Graham and Calendrillo became acquainted over email while the latter was hunting for opportunities to use her experience working with off-track Thoroughbreds.

Calendrillo, who manages Graystone Stable in Georgetown, has been on the back of one OTTB or another most of her life. One of the first horses she ever rode was Chauncey, a gray filly who bowed a tendon in her only start on the track.

When they started together, Calendrillo was six years old. Chauncey was three.

“She ran away with me pretty much every day,” she said. “I took her on her first trail ride and she ran away with me and went back to the farm. Occasionally I would fall off and go, 'Huh' and get back on. I thought it was awesome.”

Calendrillo says now it probably wasn't the best idea her parents ever had—buying a young horse for a beginner, but the experience made her a relaxed, balanced rider. It also piqued her interest in young horses.

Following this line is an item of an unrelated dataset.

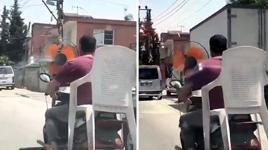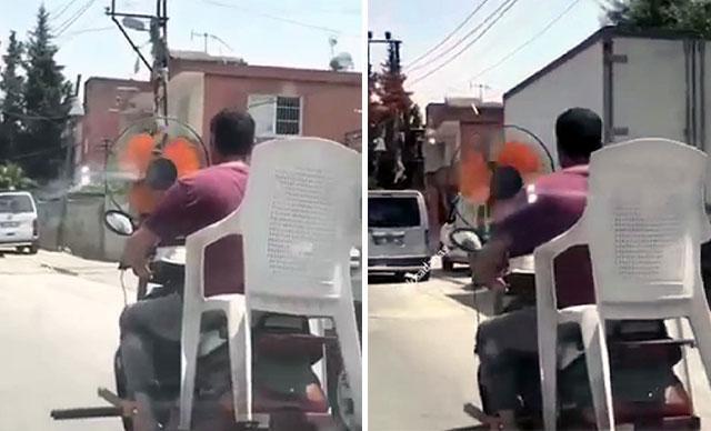 Adana'da, hissedilen hava sıcaklığının 47- 48 dereceyi bulmasıyla bunalan sürücü, motosikletinin ön kısmına pervane takarak serinlemeye çalıştı.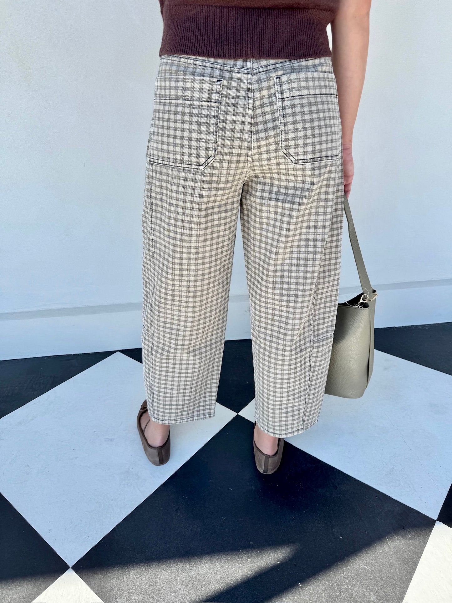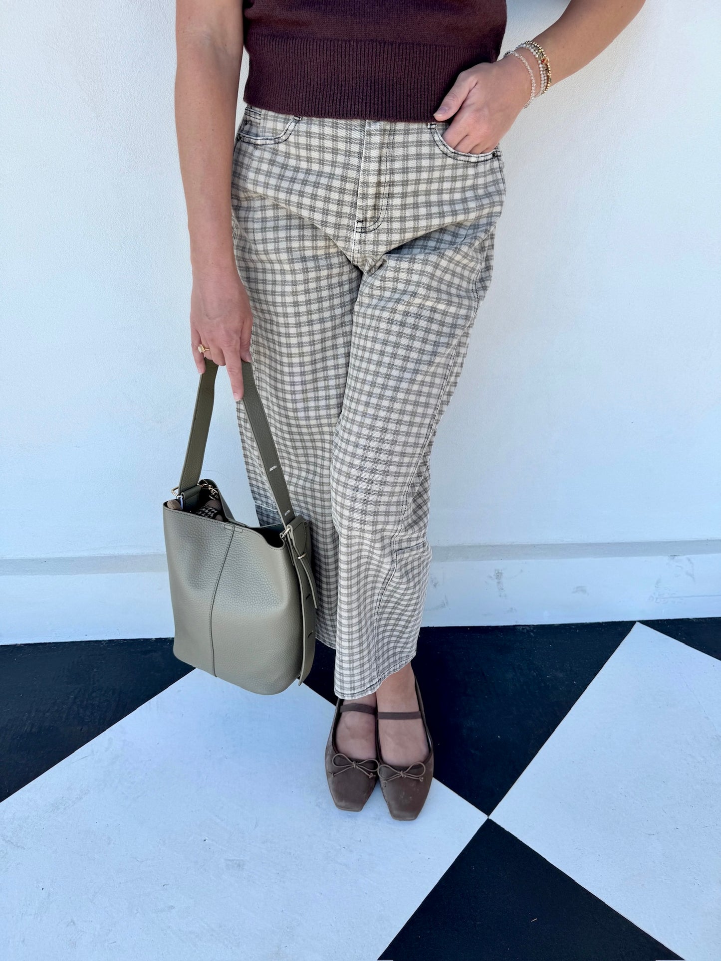 Elevate your wardrobe with the Everlee Checkered Pants, featuring a timeless checkered pattern that adds subtle sophistication to any outfit. Crafted with a tailored fit, these pants offer both comfort and a polished look, ideal for professional settings or refined casual wear. Their versatile design pairs effortlessly with blouses, blazers, or sweaters, making them a staple piece for a chic and confident style.

“You don't know what they're going to do,” she said. “I love to see them figure things out. You can feel them figure things out in their brain. I like to wonder, 'Hey are you going to bolt or buck? Let's see what's going to happen.'”

Calendrillo spent afternoons and summers at Olympian Carol Blackman's Toy Box Farm in New Jersey in middle and high school, getting on as many horses as she could. Chauncey and Calendrillo competed in jumper shows as high as 3'9 before Calendrillo transitioned to eventing, where she found OTTBs excelled. Although she climbed to the one-star level in eventing (also aboard a Thoroughbred), her drive to train is much stronger than her interest in competing. She has focused her energies on the early stages of a horse's transition from the track to a riding stable, often buying horses from local training centers and selling them to competition homes once they have a few low-level shows under their belts.

Calendrillo's mare, Chauncey, is enjoying retirement at age 27
Calendrillo's mare, Chauncey, is enjoying retirement at age 27

“I like to give them a second chance when they can't race anymore,” she said. “I've got good friends who are like 'What are we going to do in the next level of eventing? We have to move up,' but I just like starting them.”

Calendrillo's barn at Graystone Stable is a testament to the breed's versatility. Thoroughbreds occupy most of the stalls, either as boarders or residents.  There's Sport, the hunter/jumper and eventer-turned lesson horse; Nico, the star eventer and one of the more difficult horses she says she's owned; Hakkai, hunter and pleasure horse; there's Pepper, an unraced 3-year-old just learning to jump. The list goes on.

Calendrillo's first horse, Chauncey, is now 27 and also lives at Graystone, enjoying a well-earned retirement. Despite her age, she's prone to fits of occasional mischief, including breaking out of her stall every few months to graze in the barn yard. She seems intent to remind Calendrillo with a well-placed head toss or nip, not to forget where she came from as a trainer—or where she's headed.